[Note: This was originally posted on a blog for government leaders, November 1, 2009.]
Tuesday is another election day. It’s especially important to many local elected officials since so many local elections occur this year. As this election season comes to a close, there is that frustrating feeling among public leaders that many voters just don’t understand what the government does.
Sure, the obvious public services – for example, public safety and education – are known. But the full extent of government services is unknown to great numbers of those who benefit from those services.
What can be done about this? Some governments have taken ideas from non-fiction cable television channels, including two mainstays of the Discovery Channel – Dirty Jobs and Mythbusters.
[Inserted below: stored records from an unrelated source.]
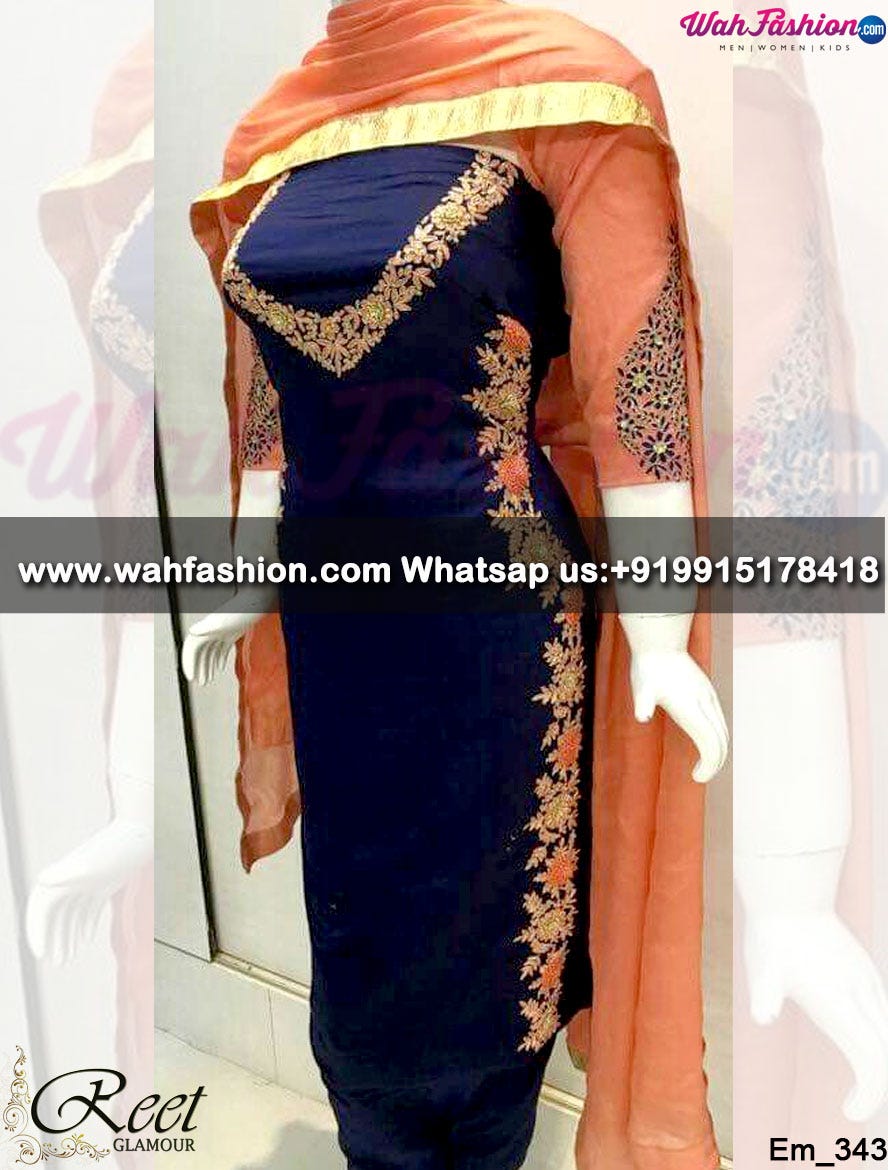 Gopi Fashion Summer Collection Navy Blue Orange Pure Cotton With Embroidery Craft Work Un Stitched Salwar Suite
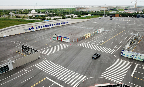 測(cè)試車輛在上海浦東新區(qū)臨港智能網(wǎng)聯(lián)汽車綜合測(cè)試示范區(qū)內(nèi)進(jìn)行行駛測(cè)試(7月3日攝,無(wú)人機(jī)照片)。新華社記者 方喆 攝
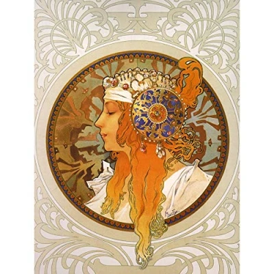 Wee Blue Coo Mucha Byzantine Head Blonde Headdress Large Wall Art Poster Print Thick Paper 18X24 Inch
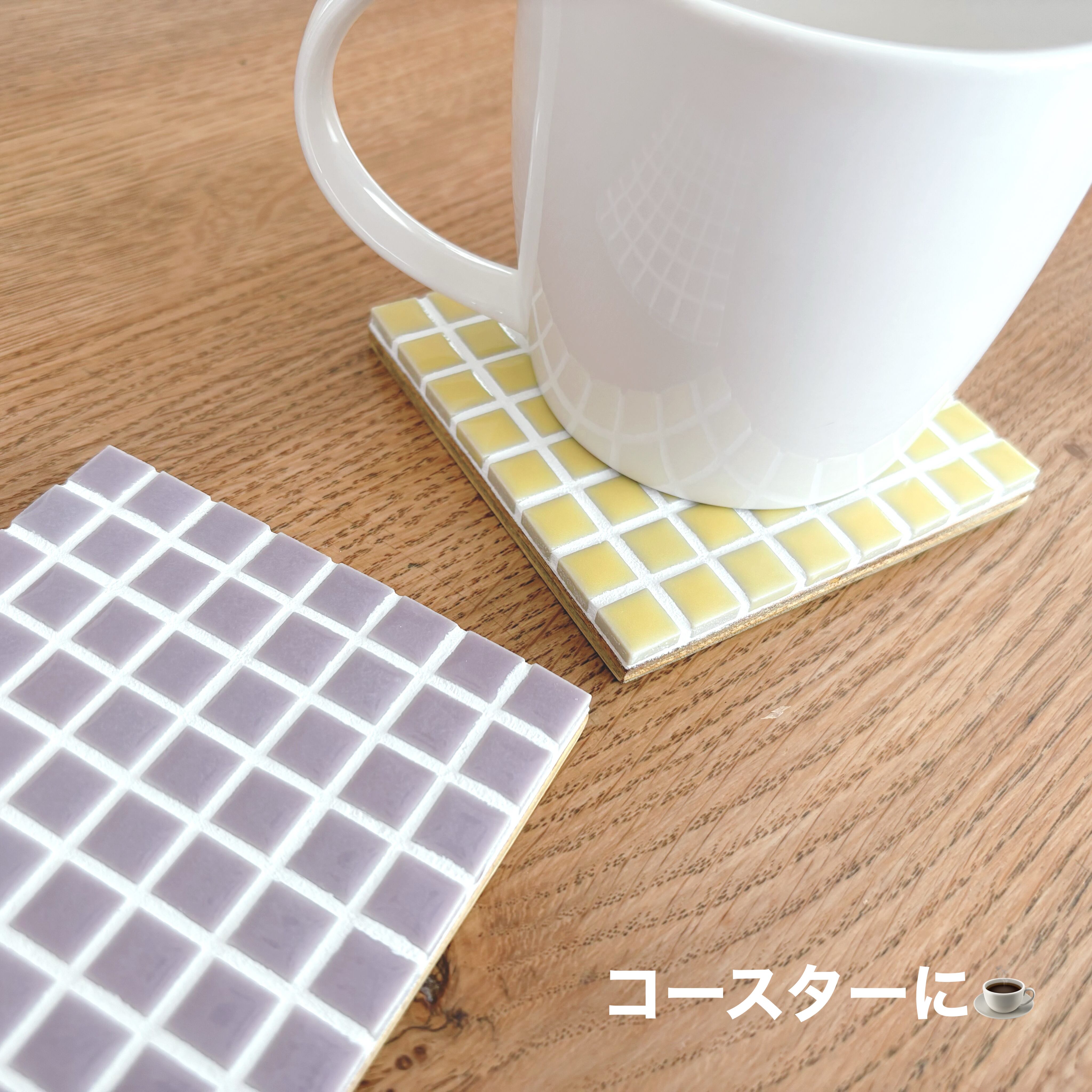 落ち着いた色味のタイルで作った、9色のコースターです。

With the low cost of video equipment, this is easy to do. There are even products now, like the Flip HD video cameras that are smaller than a cell phone, easy to use and quick to upload to the web.
Miami-Dade County has created a series of videos that show some of the “dirty jobs” that County workers do for the public on its “Inside County Jobs” television show. This started as one-minute video about training of firefighters and led to the realization that Miami-Dade could do more. See the first installment at http://www.youtube.com/watch?v=y7aivNoPsxg
So, following the model of Discovery’s “Dirty Jobs”, with its own host/participant, there is compelling footage of filling potholes, unplugging storm drains, fixing stop signs, lab testing, trash recycling and the other activities seen and unseen that residents often take for granted. Here’s another example — http://www.youtube.com/watch?v=aj7U1A_pq2s
The video is available both on the County website and on YouTube. In addition to its success with the public, the videos have had a positive effect on employees, who now take to their jobs with a greater sense of purpose and pride.
Westchester County, for example, had a volunteer team put together a movie in the style of a 1930s film noir detective story. During the course of his investigation, the “detective” interacted with all kinds of county workers. The County Executive played an abridged version of the movie in one of his “State of the County” speeches in an effort to educate the public about the variety of activities of county government.
Video isn’t the only tool. The leaders of Oakland County, Michigan, responded to the gaps in public knowledge by taking the “Mythbusters” title to attract attention, but presenting their material on the web. They tackled some of the toughest issues posing a question in True/False form and then busting the myth for the wrong answer.
So there is hope to engage a distracted public and upgrade their knowledge of what your government does, by using some of the inexpensive tools now available. Your creativity is the only limit.